Nanoparticles (NPs) have been widely used in biomedical research, including drug delivery and molecular imaging (Shi et al. 2016; Pelaz et al. 2017; Bose et al. 2014). Highly flexible and modified NPs enable tunability in vivo pharmacokinetics to improve delivery efficiency and nonspecific binding can be reduced by varying size, charge, and surface modifications (Kinnear et al. 2017). For a better clinical translation, the in vivo characteristics of nanoparticles must be clear. Reliable and quantitative evaluation of nanoparticles in vivo is, however, still a big challenge because a direct study of NPs in tissues is arduous and cannot be extrapolated to human clinical studies (Wang et al. 2012). In order to overcome this obstacle, various imaging approaches have been used to assess the in vivo characteristics of NPs. Among these, positron emission tomography (PET) is the most commonly used imaging method because of its high sensitivity (picomolar level), unlimited tissue penetration, and accurate quantitative results (Cheng et al. 2012; Smith and Gambhir 2017). PET imaging depends on a pair of photons emitted by positron nuclides that emanate from the collision site in opposite directions. NPs thus need to be labeled with a positron nuclide when PET imaging is used to study their in vivo characteristics. Although many positron nuclides are available, there is a limited choice of positron nuclides that are suitable for labeling NPs because a relatively long half-life and simple labeling method are required (Liu and Welch 2012).

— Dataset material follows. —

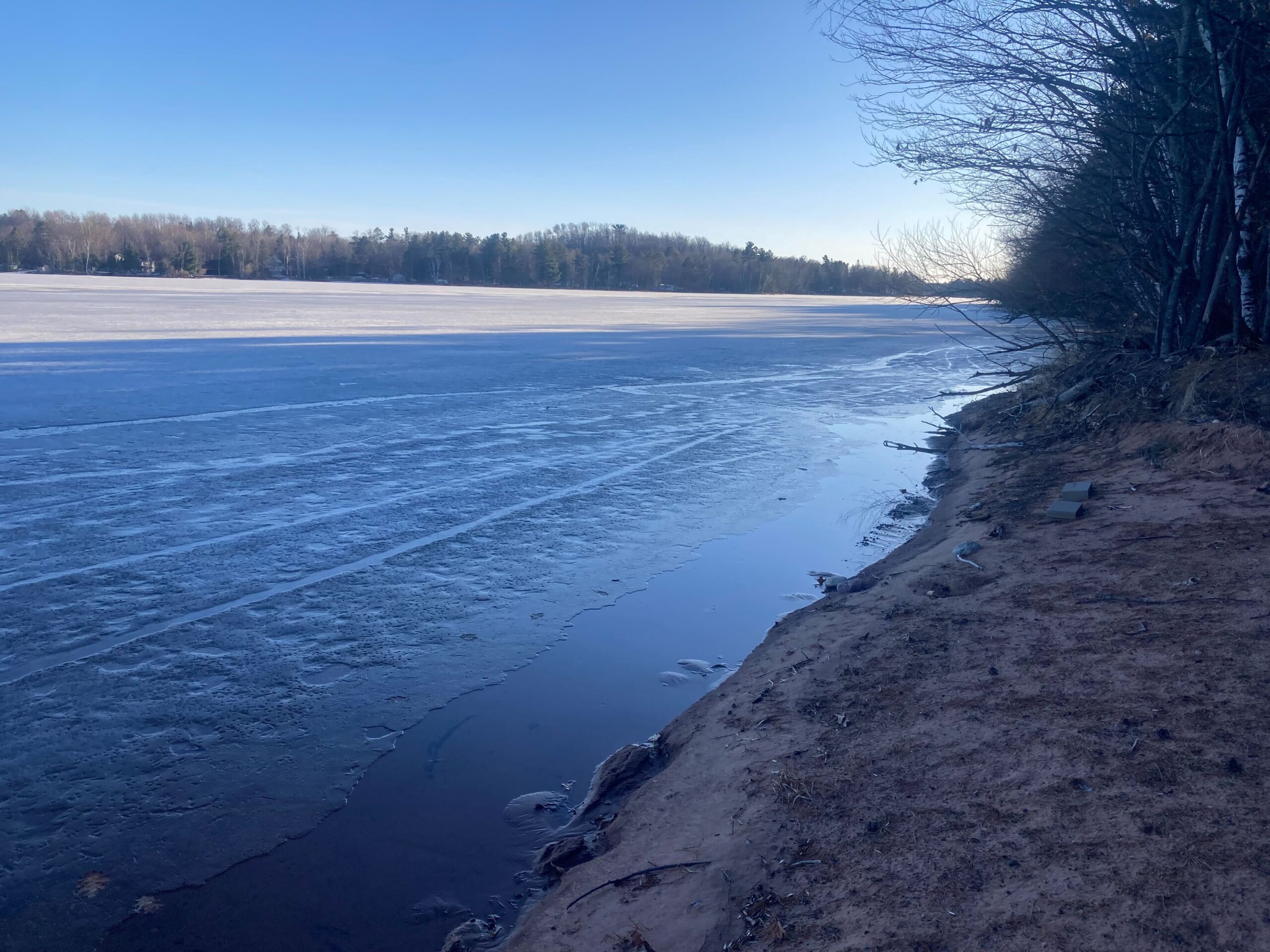 - Ice has melted from the shore and remains in the middle of the lake

Cu-64, which has an appropriate half-life (T1/2 = 12.7 h) and straightforward labeling chemistry, has been frequently used as the positron nuclide in NP applications (Anderson and Ferdani 2009). A wide variety of chelators that can easily link to the surface of NPs are currently used for conjugating 64Cu to NPs (De Silva et al. 2012), but all of these coordinative chelators have some shortcomings. For instance, one of the most frequently used macrocyclic chelators, 1,4,7,10-tetraazacyclododecane-1,4,7,10-tetraacetic acid (DOTA), is unsatisfactory in vivo stability, which may result in the trans-chelation of 64Cu to proteins and high uptake in non-targeted organs, thus affecting the final quantitative results (Boswell et al. 2004; Bass et al. 2000). Modified cross-bridged macrocyclic chelators show improved kinetic stability compared with DOTA, but these ligands generally require harsh conditions, which are unsuitable for some biologically active target molecules, to coordinate with 64Cu (Wadas and Anderson 2007). Chelators that are linked to NPs through a covalent bond may also influence the in vivo pharmacokinetics of the NPs, which must counteract the conjugation of the chelators. Methods that allow direct 64Cu labeling of NPs, without chelators, are likely to overcome these shortcomings and the characteristics of NPs allow chelator-free labeling. There has been extensive research on NP-metal conjugation, which can be extrapolated to the combination of NPs and 64Cu (Hong et al. 2017; Wang et al. 2017; Gawande et al. 2016).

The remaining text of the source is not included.